‘Islamist attack’ thwarted in Germany

From CNN, Deutsche Welle and the Belfast Telegraph

German authorities think they “have thwarted an Islamist attack,” and a married couple has been arrested in a town near Frankfurt in connection with the case, the interior minister for the German state of Hesse told reporters Thursday. 

The couple was arrested Wednesday night in Oberursel, a town near Frankfurt in west-central Germany, said Peter Beuth, interior minister for Hesse. “We suspect that there was a Salafist background,” Beuth said, referring to ultra-fundamentalist interpretations of Islam. “Police investigations at this stage indicate that we have thwarted an Islamist attack.”

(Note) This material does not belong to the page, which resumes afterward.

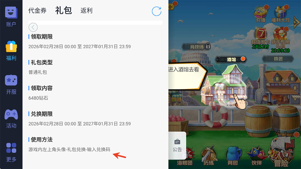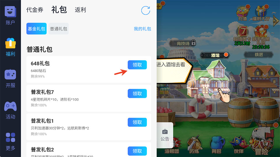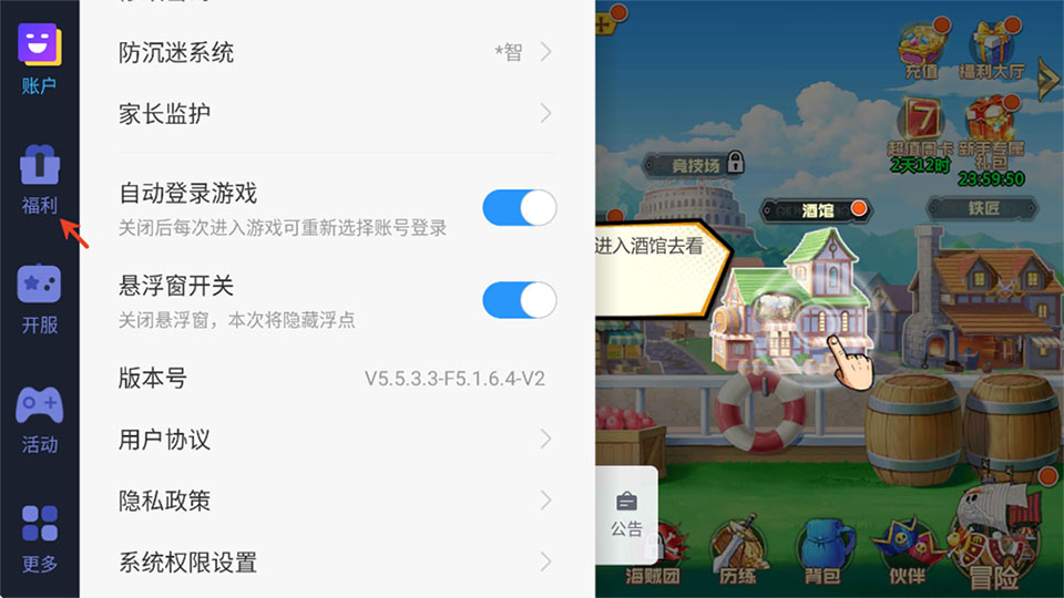 1、进入游戏内选择小弹窗,在选择左边的福利。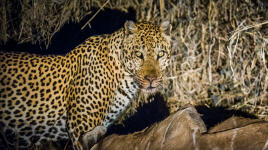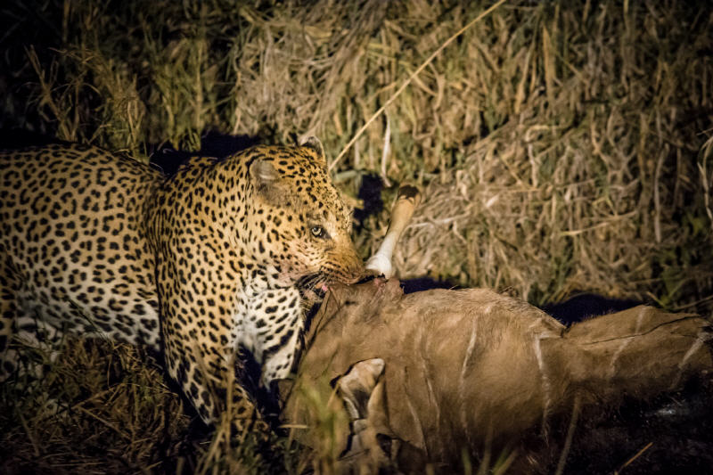 Auf der Rückfahrt zum Camp findet Beukes noch einen Leoparden im Scheinwerferlicht. Ansonsten ist es ruhig.

Hesse’s top public prosecutor, Albrecht Schreiber, told reporters in Wiesbaden that an array of dangerous items were seized from a couple’s apartment overnight; the two suspects were arrested on suspicion of planning a terrorist attack.

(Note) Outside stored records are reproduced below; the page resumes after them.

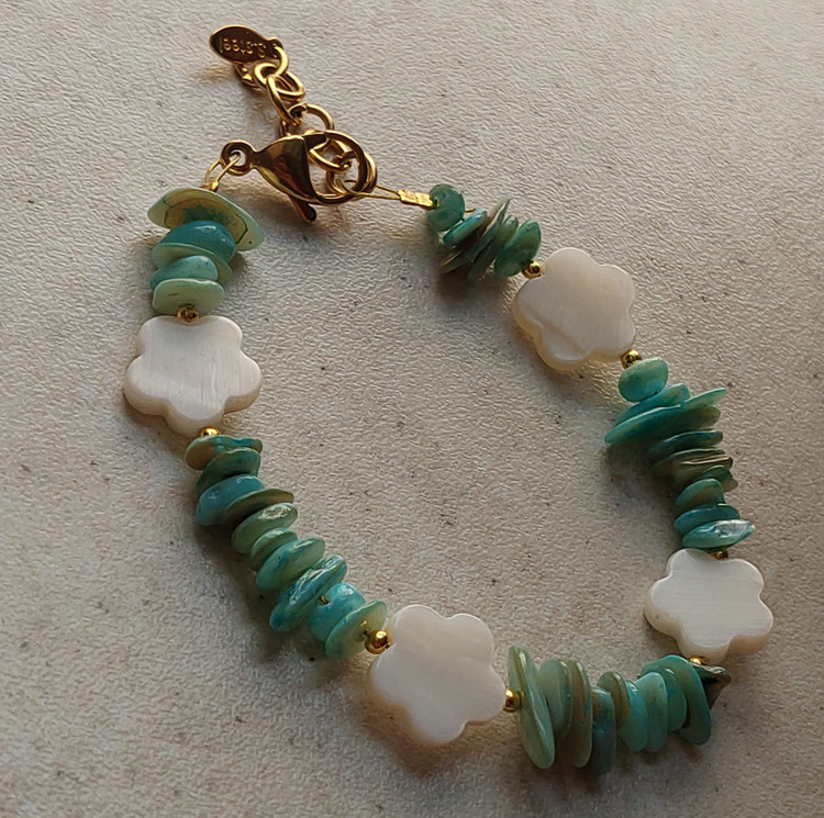 این دستبند ترکیبی است از صدف رنگ آمیزی شده به رنگ آبی آسمانی و فیروزه ای و صدف سفید پنج پر که قطعه ای از طبیعت را به دستان شما هدیه میدهد.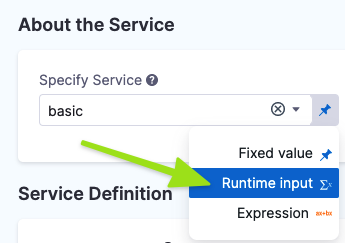In the Pipeline Studio's Visual Editor, you can use the Value type selector to select Runtime Input.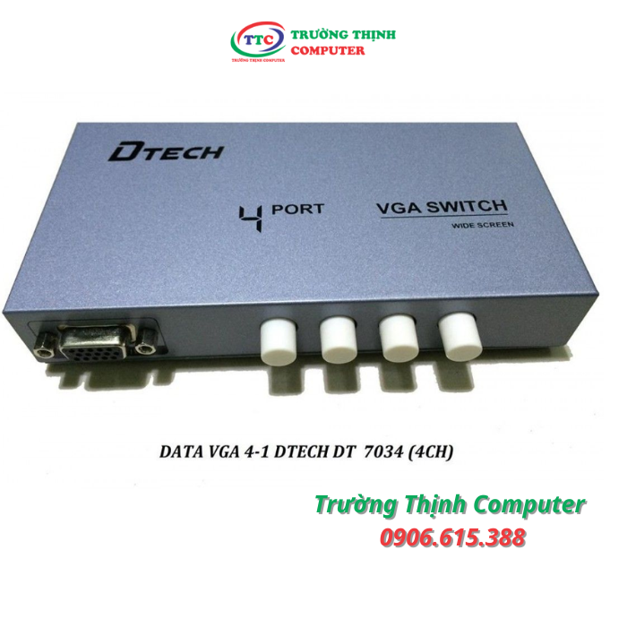 - Bộ chuyển VGA Dtech DT-7034 cho phép 4 máy tính để chia sẻ 1 màn hình, máy chiếu. Hoặc ngược lại, màn hình, máy chiếu để chia sẻ 1 máy tính nhưng không cùng một lúc.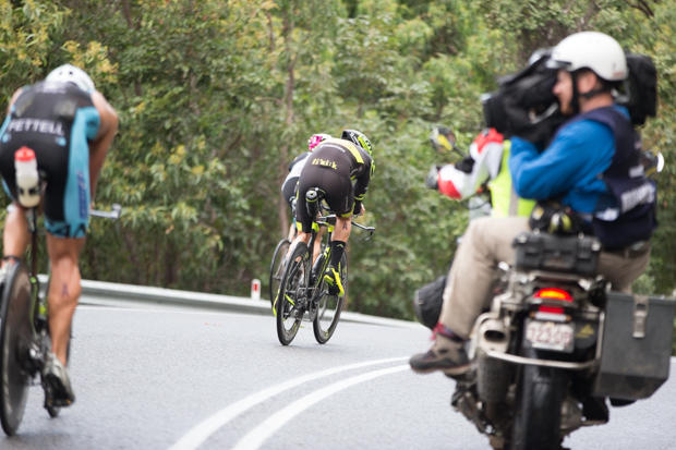 "On your right" when passing is something that takes some getting used to for the internationals, though much of the field on both pro and AG side comes from Australia. Here Luke McKenzie leads Clayton Fetell past an AG athlete on the second loop of the bike.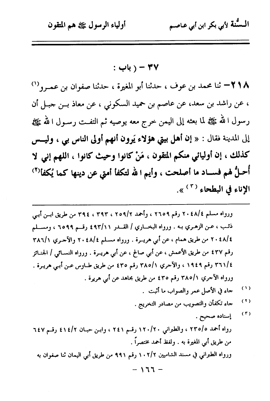 218 - حَدَّثنا مُحَمَّدُ بْنُ عَوْفٍ، حَدَّثنا أَبُو الْمُغِيرَةِ، حَدَّثنا صَفْوَانُ بْنُ عَمْرٍو، عَنْ رَاشِدِ بْنِ سَعْدٍ، عَنْ عَاصِمِ بْنِ حُمَيْدٍ السَّكُونِيِّ، عَنْ مُعَاذِ بْنِ جَبَلٍ، أَنَّ رَسُولَ اللهِ صَلى الله عَلَيهِ وسَلمَ لَمَّا بَعَثَهُ إِلَى الْيَمَنِ, خَرَجَ مَعَهُ يُوصِيهِ، ثُمَّ الْتَفَتَ رَسُولُ اللهِ صَلى الله عَلَيهِ وسَلمَ إِلَى الْمَدِينَةِ, فَقَالَ: إِنَّ أَهْلَ بَيْتِي هَؤُلاَءِ يَرَوْنَ أَنَّهُمْ أَوْلَى النَّاسِ بِي، وَلَيْسَ كَذَلِكَ، إِنَّ أَوْلِيَائِي مِنْكُمُ الْمُتَّقُونَ، مَنْ كَانُوا, وَحَيْثُ كَانُوا، اللهُمَّ إِنِّي لاَ أُحِلُّ لَهُمْ فَسَادَ مَا أَصْلَحْتُ، وَايْمُ اللهِ لَتُكْفَأَ أُمَّتِي عَنْ دِينِهَا كَمَا يُكْفَأَ الإِنَاءُ فِي الْبَطْحَاءِ.

Schreiber confirmed the discovery of a completed pipe bomb, police found three liters of hydrogen peroxide, 100 rounds of live 9-milimeter munitions, a training projectile for a rocket-propelled grenade, methylated spirits, diesel, other “unknown fluids,” and also “meaningful parts of a G3 assault rifle.” The rifle was disassembled, Schreiber said, and police were working to ascertain whether the complete set of parts was present in the flat

The overnight arrest of a 35-year-old German with Turkish roots and his 34-year-old wife is believed to have prevented a terrorist attack in the region. Friday’s cycling race around Frankfurt had been identified as a potential target in the press; police president Stefan Müller said investigators had not ruled out the possibility, but did not yet know.

That is, of course, a soft target, it would be relatively easy to attack,” Müller said. “And since the Boston Marathon [attack of 2013], such events are closely watched – which also applies to cycling races.” 

Schreiber explained that the male suspect was seen in recent days surveying parts of the route of the cycling race, around Germany’s financial capital on the Mayday public holiday. This intensified police attention on him.

The suspects had been seen in a local hardware store purchasing the hydrogen peroxide,(three litres, using a false name)  Schreiber said, adding that the wife’s presence in the store was one of the reasons for her to be arrested along with her husband.

Deputy chief prosecutor Stefan  Rojczyk said: ” This hydrogen peroxide triggered an alert. Police figured out who had bought it and it was decided to act fast.” 

Newspaper reports claim that the man is trained in chemistry.

Schreiber and Müller said it was too early to comment on reports that a conservative Islamic text was seized in the flat.